Chronic Fatigue Syndrome (CFS) is an illness from which an estimated 1 in 300 people suffer, a good number of whom are active evangelicals. Some recover fully. Some recover partially. Some never recover.

My own story of battling this terrible illness begins in January 2005 when I was taken ill with a virus. I was left with a tiredness I couldn’t shake off. Initially I could still cycle the five minutes to the doctor to get advice, though a couple of weeks later I needed a taxi. A few weeks later I couldn’t even manage twenty paces outside. For the next year and a half, I would go to bed at nine and sleep twelve hours, plus resting in the daytime.

During that time, people were keen to tell me what I needed to do – so I put a bowl of water on my radiator and I ate Indian mud (don’t ask...). It didn't work. 

In the summer of 2006, I met someone who had been healed of Chronic Fatigue due to something called 'Reverse Therapy'. The approach argued that much of CFS was psychosomatic. 

I wasn’t at all impressed. Many people had tried to suggest CFS was in my mind, but mentally, I was doing fine. I wasn’t down – I knew I didn’t have to be healed for life to have a purpose and I was relaxed about that. And I'd been a missionary for two years. Surely I couldn’t have any mental problems, could I?

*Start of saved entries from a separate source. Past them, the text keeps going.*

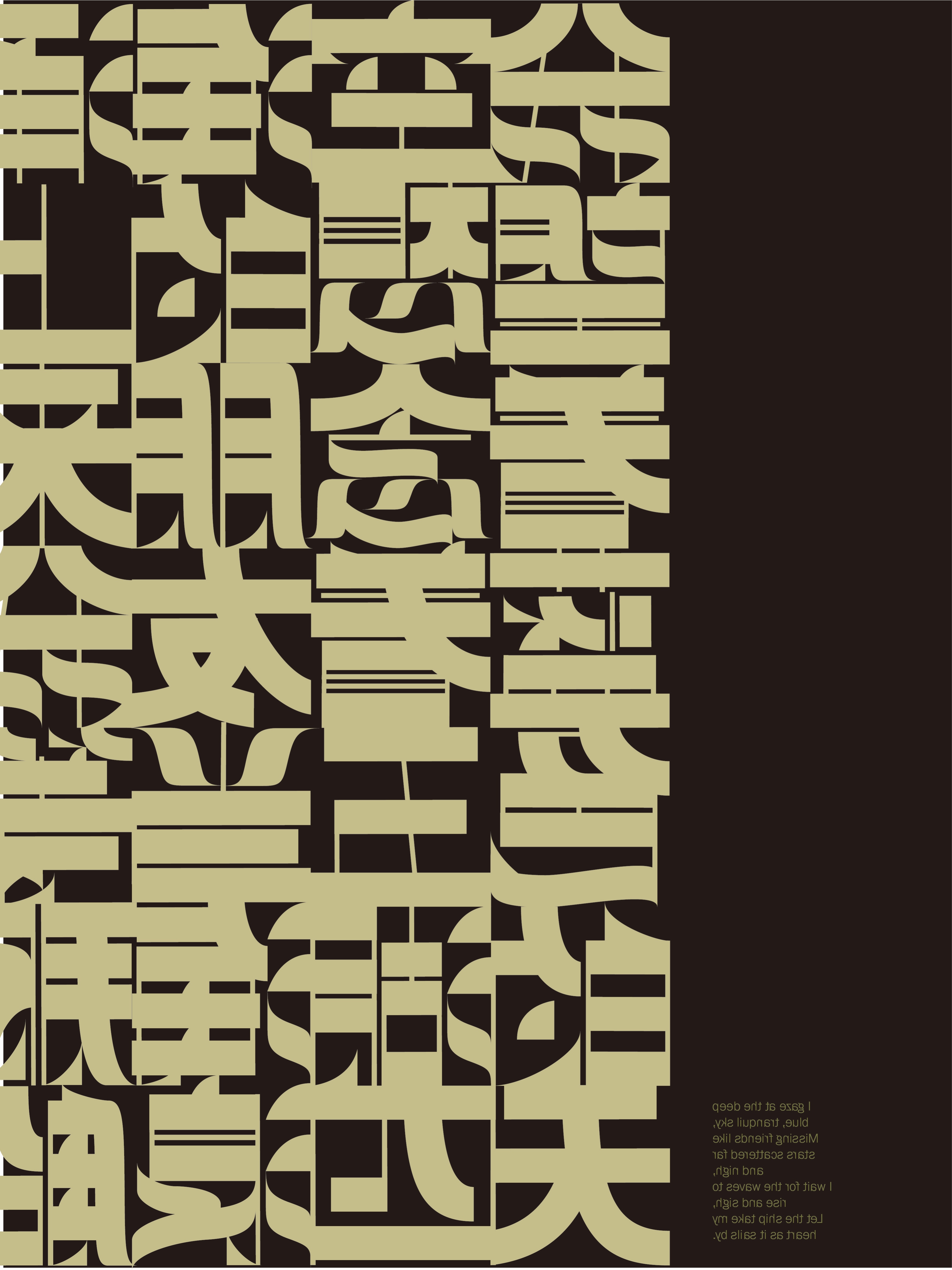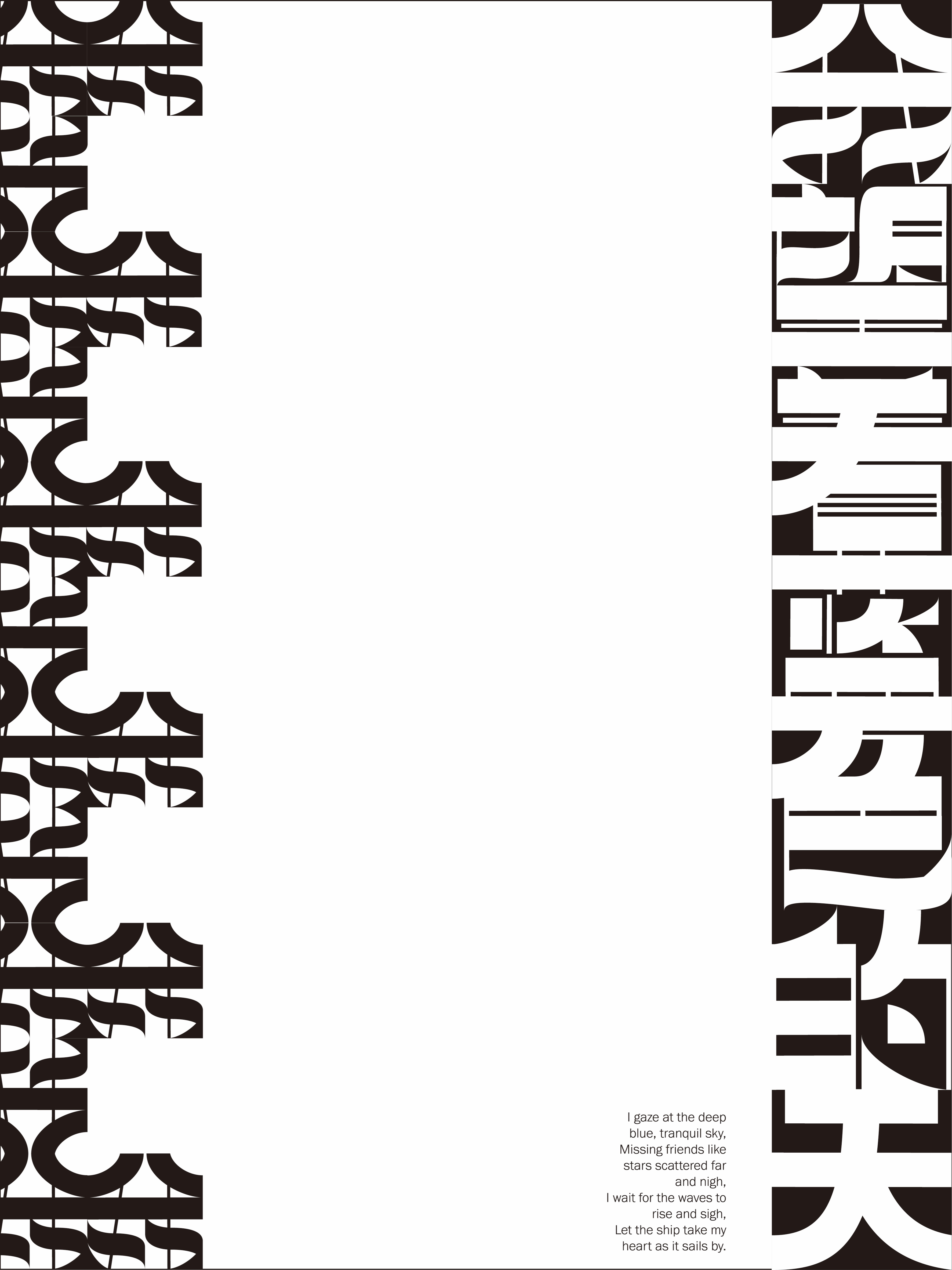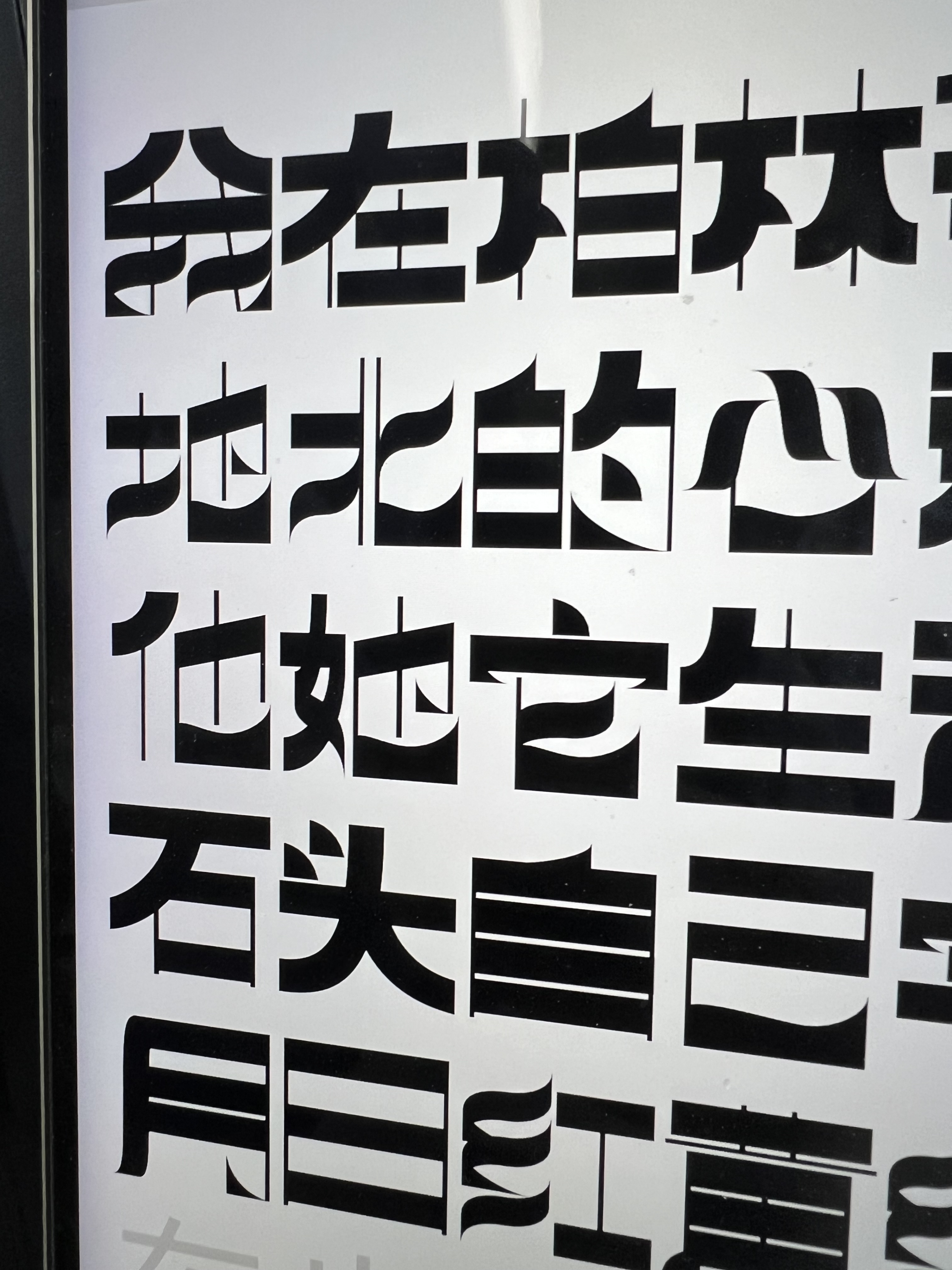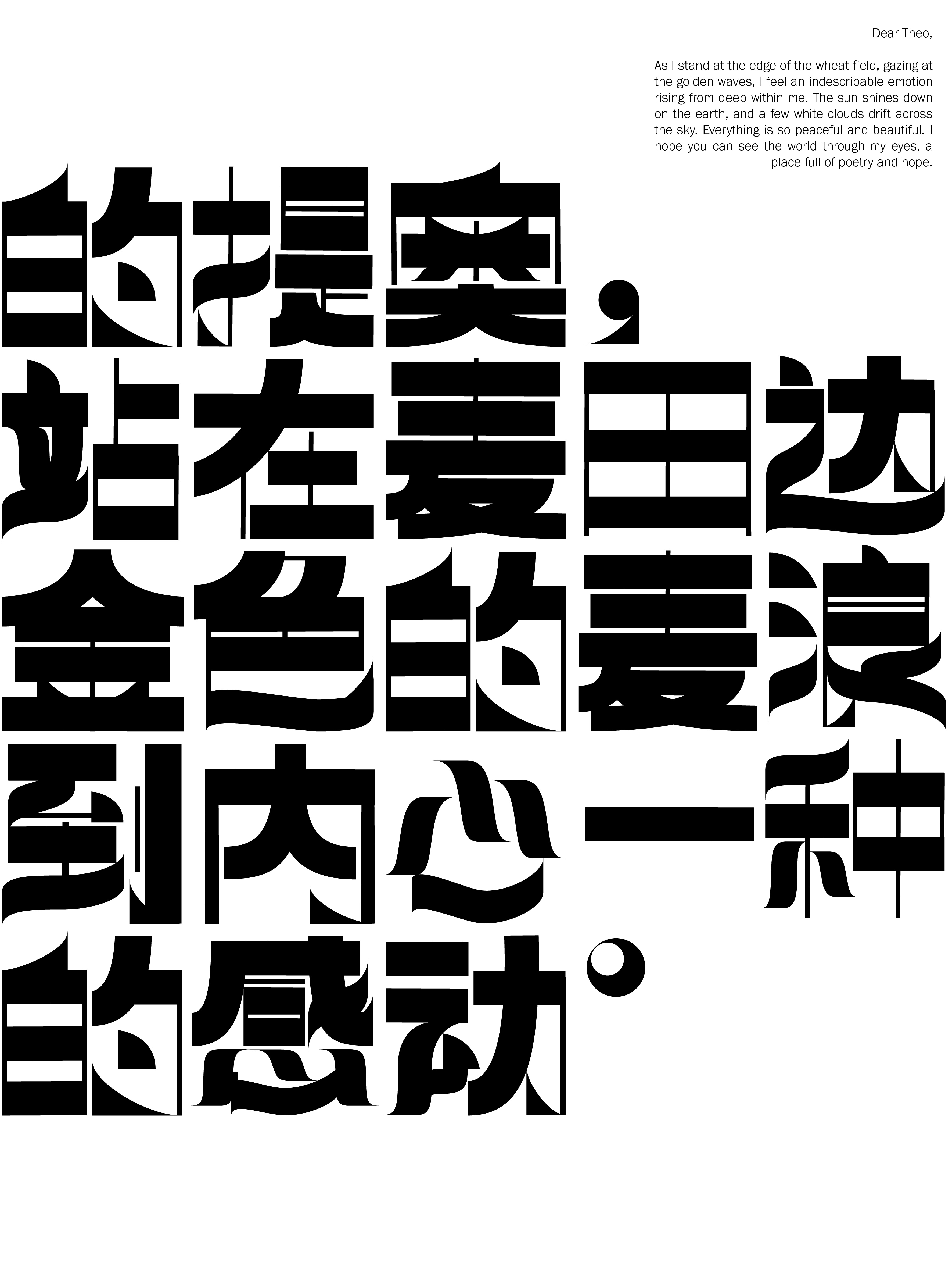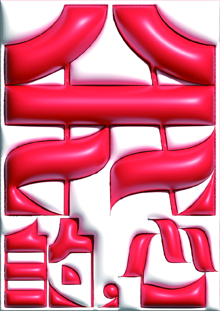 Diese Schrift basiert auf rechteckigen und modifizierten geometrischen Formen und erzeugt ein starkes geometrisches Gefühl, das die traditionellen Schwünge und Betonungen der chinesischen Kalligraphie abschwächt und neue Möglichkeiten für das Schreiben chinesischer Schriftzeichen erkundet. Jedes Zeichen ist wie ein Baustein, der durch Zusammenfügen eine einzigartige visuelle Wirkung entfaltet.
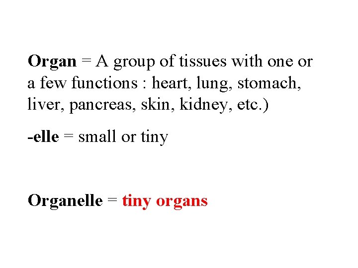 Organ = A group of tissues with one or a few functions : heart, lung, stomach, liver, pancreas, skin, kidney, etc. ) -elle = small or tiny Organelle = tiny organs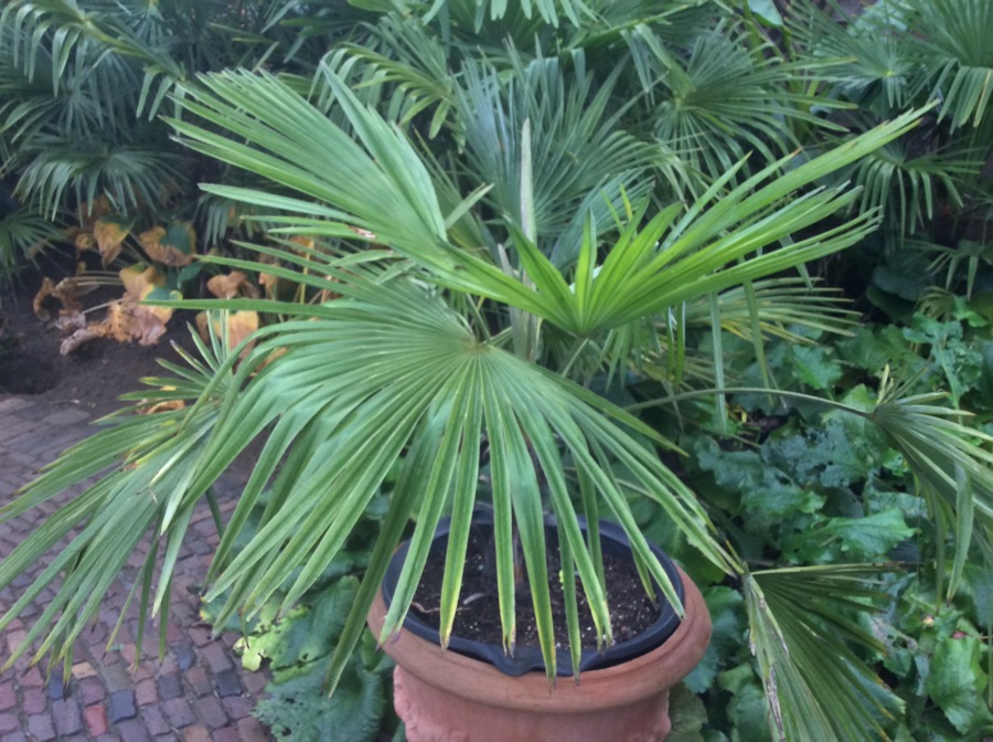 Verder hebik alvast de kuiplanten( chamaerops humilis, canaricche dadelpalm, solanum, cycassen,, jacaranda) uit gegraven. Deze stonden met kuip in de volle grond.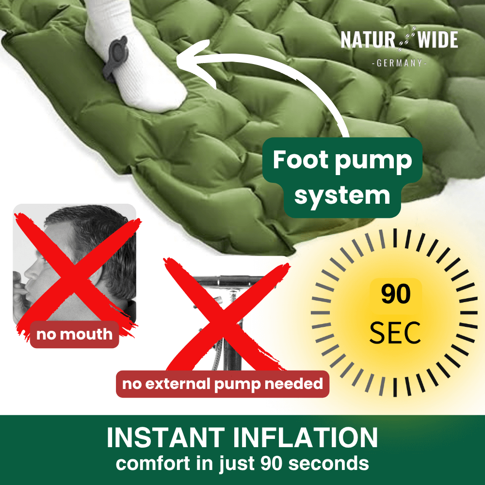 Thanks to the integrated foot pump , the sleeping pad is ready in just 30–60 seconds – no more tiring mouth inflation or bulky external pumps.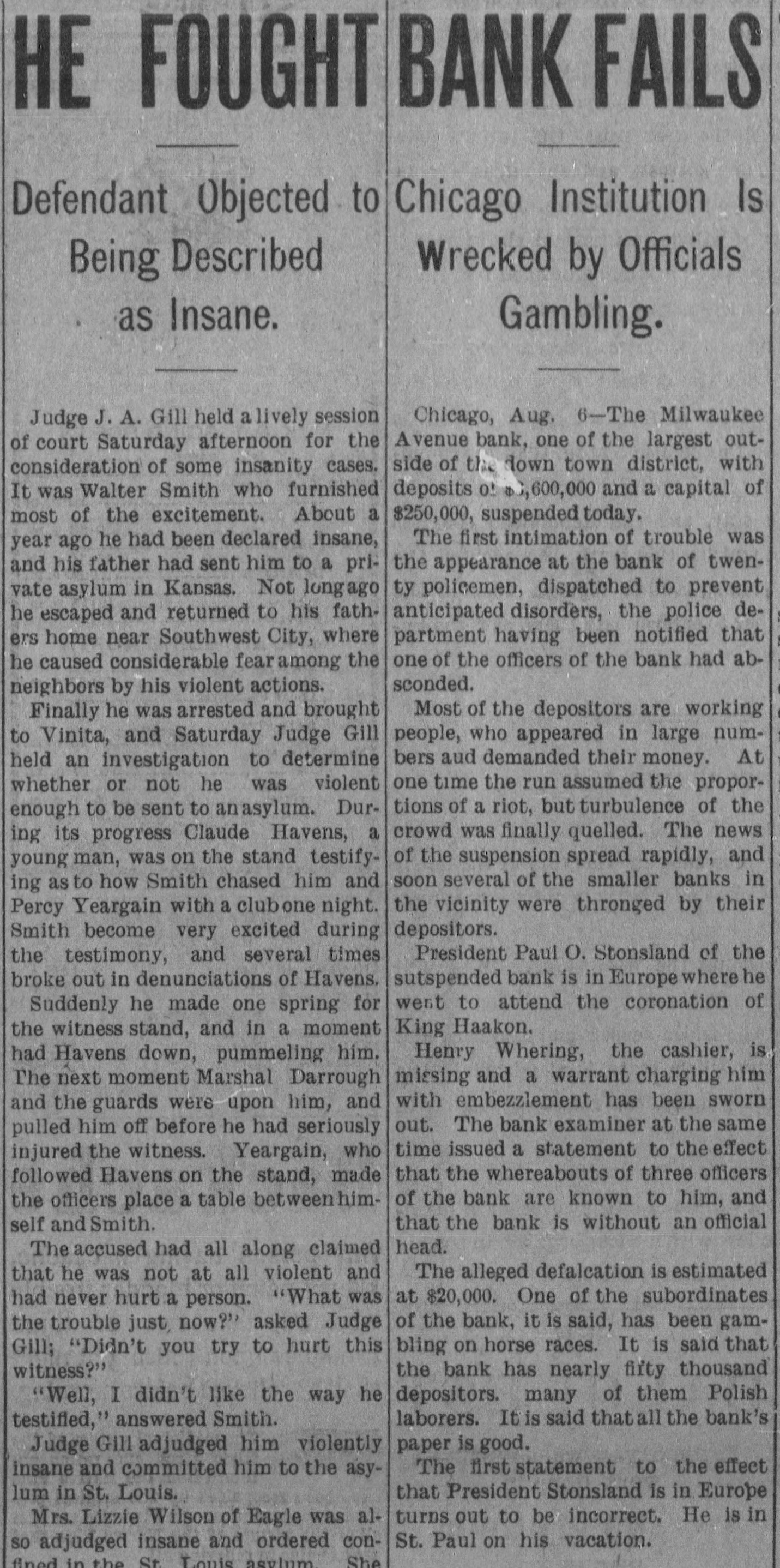 BANK FAILS HE FOUGHT Defendant Objected to Chicago Institution Is Wrecked by Officials Being Described as Insane. Gambling. Chicago, Aug. 6-The Milwaukee Judge J. A. Gill held a lively session Avenue bank, one of the largest outof court Saturday afternoon for the side of the down town district, with consideration of some insanity cases. It was Walter Smith who furnished deposits of 600,000 and a capital of most of the excitement. About a $250,000, suspended today. The first intimation of trouble was year ago he had been declared insane, and his father had sent him to a prithe appearance at the bank of twenty policemen, dispatched to prevent vate asylum in Kansas. Not longago anticipated disorders, the police dehe escaped and returned to his fathers home near Southwest City, where partment having been notified that one of the officers of the bank had abhe caused considerable fear among the sconded. neighbors by his violent actions. Most of the depositors are working Finally he was arrested and brought people, who appeared in large numto Vinita, and Saturday Judge Gill bers aud demanded their money. At held an investigation to determine whether or not he was violent one time the run assumed the proportions of a riot, but turbulence of the enough to be sent to asylum. Durcrowd was finally quelled. The news ing its progress Claude Havens, a of the suspension spread rapidly, and young man, was on the stand testifysoon several of the smaller banks in ing as to how Smith chased him and the vicinity were thronged by their Percy Yeargain with a clubone night. depositors. Smith become very excited during President Paul O. Stonsland of the the testimony, and several times broke out in denunciations of Havens. sutspended bank is in Europe where he went to attend the coronation of Suddenly he made one spring for King Haakon. the witness stand, and in a moment Henry Whering, the cashier, is had Havens down, pummeling him. missing and a warrant charging him The next moment Marshal Darrough with embezzlement has been sworn and the guards were upon him, and out. The bank examiner at the same pulled him off before he had seriously time issued a statement to the effect injured the witness. Yeargain, who that the whereabouts of three officers followed Havens on the stand, made of the bank are known to him, and the officers place a table between himthat the bank is without an official self and Smith. head. The accused had all along claimed that he was not at all violent and The alleged defalcation is estimated at $20,000. One of the subordinates had never hurt a person. "What was of the bank, it is said, has been gamthe trouble just now?'' asked Judge bling on horse races. It is said that Gill; "Didn't you try to hurt this witness?" the bank has nearly fifty thousand depositors. many of them Polish "Well, I didn't like the way he laborers. It is said that all the bank's testifled,' answered Smith. paper is good. Judge Gill adjudged him violently The first statement to the effect insane and committed him to the asylum in St. Louis. that President Stonsland is in Europe turns out to be incorrect. He is in Mrs. Lizzie Wilson of Eagle was alSt. Paul on his vacation. so adjudged insane and ordered confined in Louis asylum She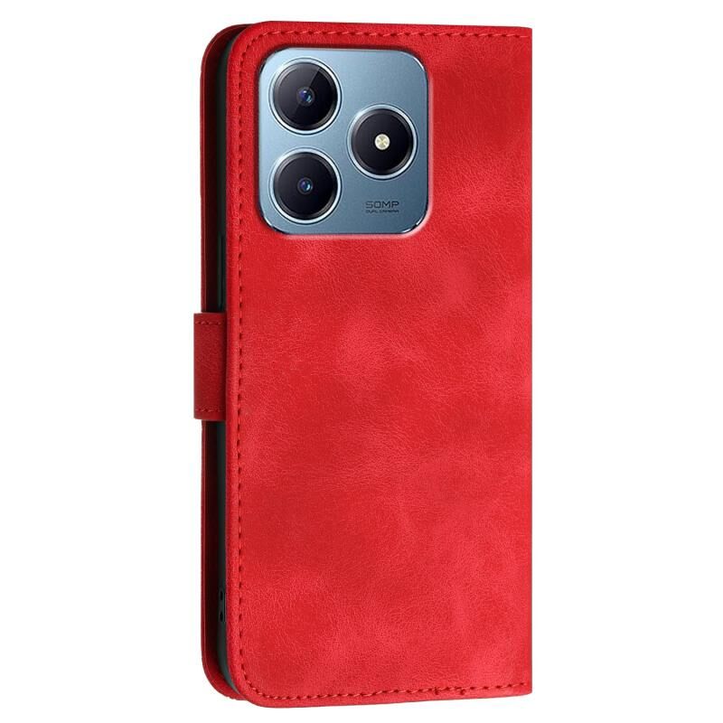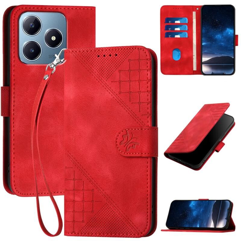 For Realme C63 Global Grid Butterfly Embossed Pattern Leather Phone Case with Lanyard(Red)

Well it turns out I did. And I discovered it by journalling.

As I journalled, I began to notice that some of my symptoms were related to things which would happen in my life. My sore throat came on when there was even a slight conflict. My sciatica appeared when I did too much of the same activity. I started adjusting my life so my symptoms reduced, and my energy started returning. 

I didn’t know it at the time, but the founder of Reverse Therapy had drawn from a Christian book - Don Colbert’s Deadly Emotions - which explores psychosomatic illness from his experience as a doctor.   

These principles gave me a significant step forward – I now only slept 8-9 hours a night. I had more energy than at any point in two years. I was close to being back to normal again! However, I was terribly unstable. This emphasis on my symptoms and my emotional state left me constantly checking my symptoms for their deeper meaning. Every indigestion, every muscle twinge was analysed and reanalysed to see what changes I should be making. I would go to church or church meetings, but at the instigation of a symptom, I’d get up and walk out again. I was not an easy person to be around. 

I needed to do more, but Reverse Therapy wasn’t able to take me there. 

I soon discovered a new approach to fighting CFS. It's called the Lightning Process. It works by focusing on how you think. It's designed to eliminate negative thinking and help the patient see things positively. I decided not to go on the course (I didn’t fancy shelling out £500), but I started working on my thought patterns, noting when I tended to despair and challenging those thoughts (similar to other standard cognitive behavioural approaches). I did this while maintaining sensitivity to my psychosomatic nature. This process of readjusting would take months, but ultimately it completed my recovery. 

As I look back now, I am grateful for this difficult period of illness. Why? Well I discovered that God was enough when I had no energy. I didn’t have to get better. I didn’t need to fulfil my plans or my dreams. He was – and he is – enough. This is a lesson that's always worth learning - whatever stage of life you may be in. 

I also thank God that when my illness was getting worse and worse and I even wondered whether this might be the end - I still felt peace. God's spirit was real and present even in those dark moments.

And I thank God for training me in psychosomatic issues. I’ve been surprised and delighted at how many people have been helped by my story. The principles I've learned have enabled a range of people to get better and recover from a variety of issues and illnesses, from marriage problems to sleep disorders to depression. 

At the end of the day, each person is unique, but God is with you whether you get better or not and that is where our real hope lies.

Since 2008, Paul S. Chatfield has had no relapse. He now works as an evangelist in Italy averaging 60-70 hour weeks.